There can be no difference of opinion as far as his title of Iconoclast goes.
Let us try and understand the reasons for his Iconoclasm based on Kalhanas description.This is what Aurel Stein writes in “Harsha’s temple de-spoliation”
Ref Introduction Chap 5,sec 5,page 113,Volume 1 of Aurel Stein’s translation.
“Extravagant expenditure on the troops and senseless indulgence in costly pleasures involved Harsa in grave financial troubles.From these he endeavoured to free himself by ruthless spoliation of sacred shrines.Kalhana relates with some humour how the incidental discovery of the treasures hoarded at the temple of King Bhima Sahi had turned the king’s attention to this method of replenishing his ex-chequer.After the temple treasuries had been ransacked,Harsa proceeded to the still more revolutionary measure of confiscating divine images in order to possess himself of the valuable metal of which they were made.Kalhana records the strange fact that as a preliminary step the sacred images were systematically defiled through outcast mendicants.As Kalhana is particular to specify the few metal statues of gods throughout Kashmir which escaped Harsha’s clutches,we cannot doubt the extent of Harsha’s iconoclasm.Can the latter have been instigated or encouraged somehow by the steady advance of Muhammadanism in the neighbouring terrorities?Kalahana,when relating these shameful confiscations,gives to Harsha the epithet”Turuska”,ie Muhammadean,and later on makes a reference to Turuska captains being employed in his army and enjoying his favour.”
From the above it almost seems clear that Harsa was greatly influenced by Muhammedeans and is likely to have committed these acts of Iconoclasm under their influence if not at their behest.From the way he went on to destroy and defile almost all icons, without bias either in favour of Hindus or Buddhists draws a parallel to Muslim rulers who did the same.Harsa made no difference when it came to defiling Buddhist and Hindu images makes us believe that he was purely an iconoclast and the philosophy of Iconoclasm where every image deserves to be destroyed is a concept rooted in one Semitic religion alone.
Let us also look at the word Turuska and its connotations with regard to Kalhana’s Rajatarngni.In all there are 19 references to the word Turuska in Rajatarangni.There is one reference to Yavan in Rajatarangni.There are 14 references to the word Mlecchas in Rajatarngni.
I agree with Our Marxist friend that words like Yavan,Turuska and Mleccha were used interchangeably to describe foreigners/outsiders/Muslims by Kalhana.That Kalhana uses the word “Turuska” to describe kings like Husha,Jushka and Kanishka cannot be refuted.We however need to study the word “Turuska” in the context of how Kalhana uses it for Harsa.We also need to see how Stein understands this word.For the benefit of the readers I give below all the references to the word in Rajatarangni.

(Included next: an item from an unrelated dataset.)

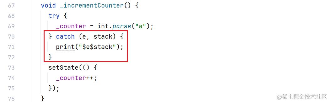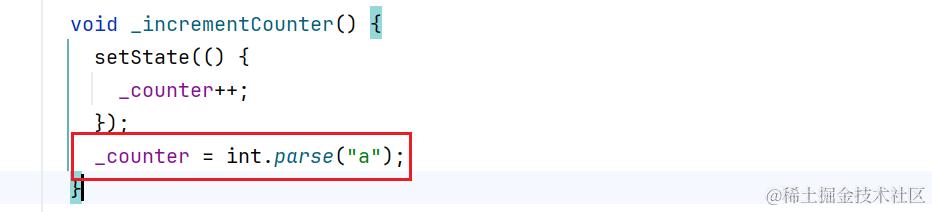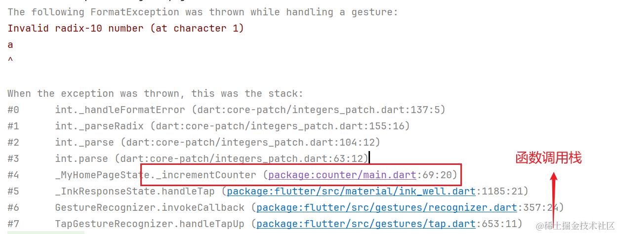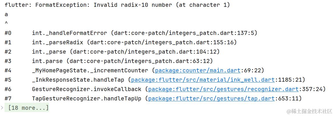 比如这里是初始的计数器项目,我在 _incrementCounter 方法开始时写了一行异常的代码。这样在运行时点击加号按钮触发方法,就会出现如上的异常信息。

Refer:Index Vol 2 page no 546 of Aurel Stein’s translation.
Turks,their habits iv .179;kings Huska,Juska,Kanishka called Turuskas I,170,viii 3412;enemies of Lalliya Sahi v 152;soldiers of Hammira(Mahumud), vii 51,56,70,118;sell slave girls,520;mercenaries supported by Harsa,1149;Harsa fears attack from Turuskas,1159;Muhammadean allies of Bhiksacrara,viii 885,886,919,923;northern allies of Dards,2843;invaders of the Punjab,3346;artist from Turuska Country vii.528;Harsa called Turuska i.e.Muhammadean,1095.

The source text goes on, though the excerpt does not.